Re: [Intel-gfx] [PATCH 1/1] drm/i915/guc: Delay disabling guc_id scheduling for better hysteresis

From: "Teres Alexis, Alan Previn" <alan.previn.teres.alexis@intel.com>
To: "tvrtko.ursulin@linux.intel.com" <tvrtko.ursulin@linux.intel.com>,
	"Ceraolo Spurio, Daniele" <daniele.ceraolospurio@intel.com>,
	"intel-gfx@lists.freedesktop.org"
	<intel-gfx@lists.freedesktop.org>
Subject: Re: [Intel-gfx] [PATCH 1/1] drm/i915/guc: Delay disabling guc_id scheduling for better hysteresis
Date: Wed, 21 Sep 2022 07:59:49 +0000	[thread overview]
Message-ID: <820df17d125d8a0cb090b1c05f59be361b31b429.camel@intel.com> (raw)
In-Reply-To: <c6e968c8-aaa0-949c-61c9-857ef5d9f617@intel.com>


On Fri, 2022-09-16 at 08:36 -0700, Ceraolo Spurio, Daniele wrote:
> 
> 
alan: [snip]
> > > > > +    /*
> > > > > +     * If the context gets closed while the execbuf is ongoing, 
> > > > > the context
> > > > > +     * close code will race with the below code to cancel the 
> > > > > delayed work.
> > > > > +     * If the context close wins the race and cancels the work, it 
> > > > > will
> > > > > +     * immediately call the sched disable (see guc_context_close), 
> > > > > so there
> > > > > +     * is a chance we can get past this check while the 
> > > > > sched_disable code
> > > > > +     * is being executed.

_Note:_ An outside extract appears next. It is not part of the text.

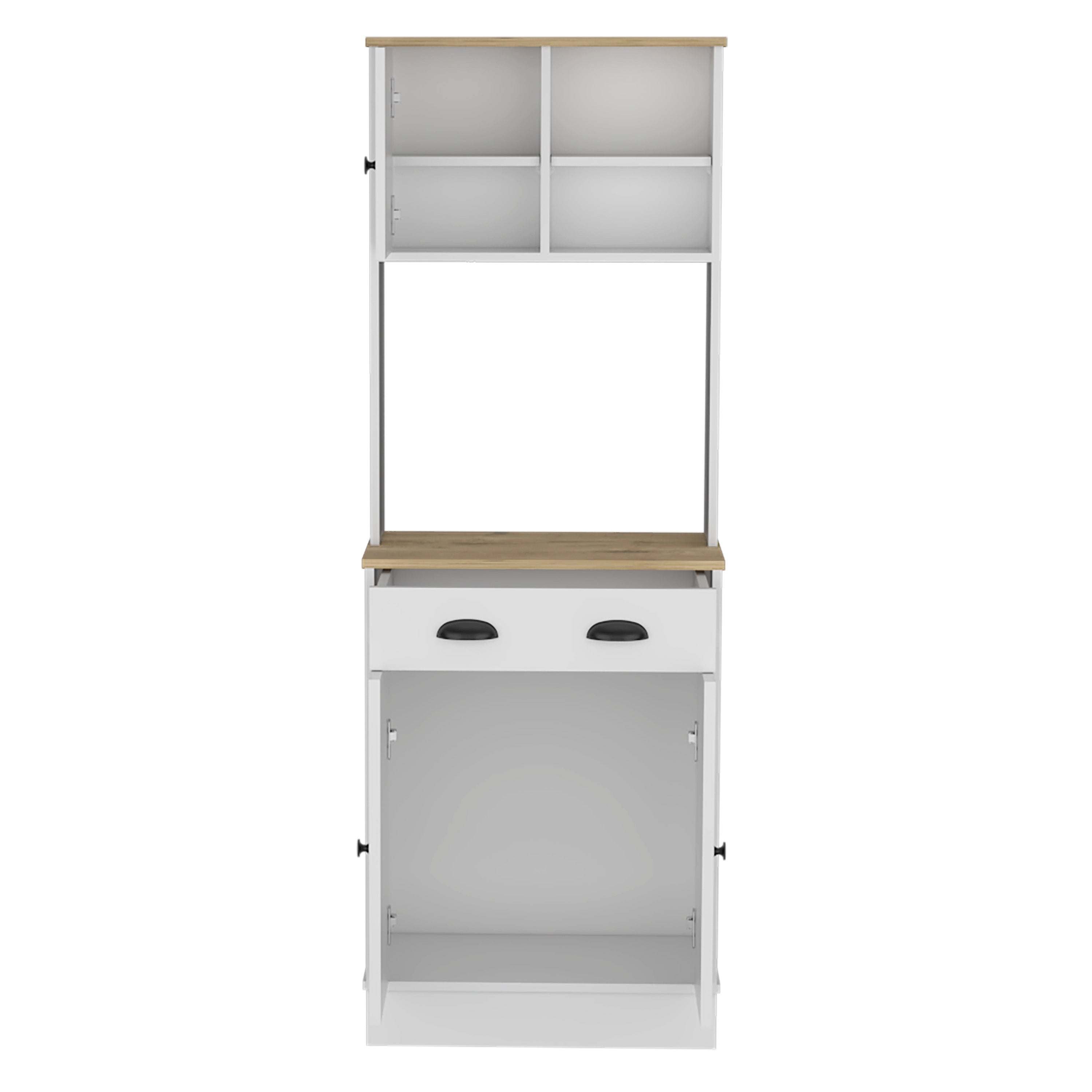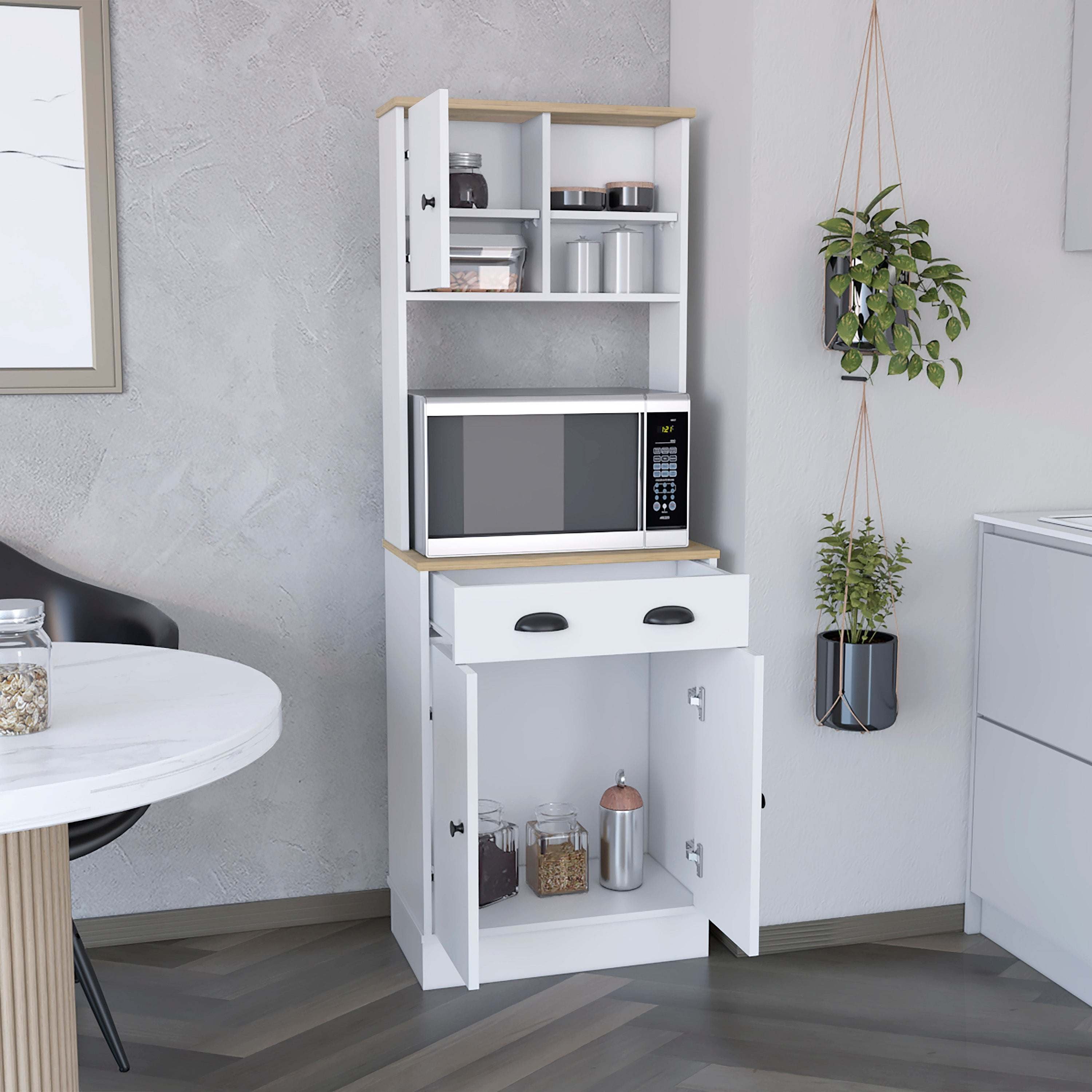 DEPOT E-SHOP Selmer Pantry Cabinet with Drawer and 3-Doors, White / Macadamia
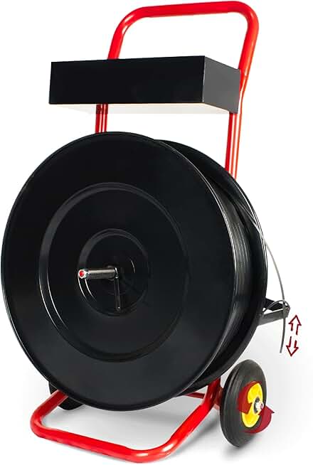 Heavy Duty 16" Strapping Cart, Strapping Dispenser for Poly/Plastic Steel/Fibre Strapping, Moveable Strapping Dispenser Deluxe Banding Cart with Built-in Tray(Red)

To make sure that code completes before 
> > > > > we check
> > > > > +     * the status further down, we wait for the close process to 
> > > > > complete.
> > > > > +     */
> > > > > +    if (cancel_delayed_work_sync(&ce->guc_state.sched_disable_delay))
> > > > > +        intel_context_sched_disable_unpin(ce);
> > > > > +    else if (intel_context_is_closed(ce))
> > > > > +        wait_for(context_close_done(ce), 1);
> > > > 
> > > > Comment makes it sounds important to handle the race, althought it
> > > > doesn't really explain the consequences. But most importantly, what if
> > > > close doesn't complete in 1ms?
> > > 
> > > will add the consequence (i believe the consequence is that we could 
> > > prematurely
> > > read context flags bit indicating its gucid is still registered and 
> > > after skipping
> > > re-registration, find that context gets closed and guc-id freed).
> > > 
> > > Yes the 1 second is arbitrary and unnervingly short. Just spent 
> > > sometime trying to
> > 
> > One millisecond even. :)
> 
> Normally 1ms is not a slow time for this. We can only hit the wait if 
> the context_close call has already called the cancel_delayed_work, so 
> the only thing left to do in that function is to send the H2G, which is 
> relatively fast. However, I've just realized that if the H2G buffer is 
> full the H2G will stall, so in that case it can take longer (maximum 
> stall time before a hang is declared is 1.5s).
> 
alan: I'll increase to 1.5 secs

> > What would be the consequence of prematurely reading the still 
> > registered context flag? Execbuf fails? GuC hangs? Kernel crashes? 
> > Something else?
> 
> i915 thinks that a request pending with the GuC, while GuC thinks we 
> disabled it (because the completion of the delayed_disable happens after 
> the new request has been submitted). The heartbeat will still go 
> through, so no reset will be triggered, the request is just lost. A new 
> request submission on the same context should be able to recover it, but 
> we didn't test that.
> 
> 
> > And why cant' this race with context close happen at any other point 
> > than this particular spot in guc_request_alloc? Immediately after the 
> > added checks? After atomic_add_unless?
> 
> The race is tied to the canceling of the delayed work. context_close 
> only does something if it cancels the delayed work, so if the 
> cancel_delayed_work_sync here does the cancelling then context_close is 
> a no-op.
> 
alan: Then i'll add a warn - especially after a 1.5 sec delay and still waiting
for that close.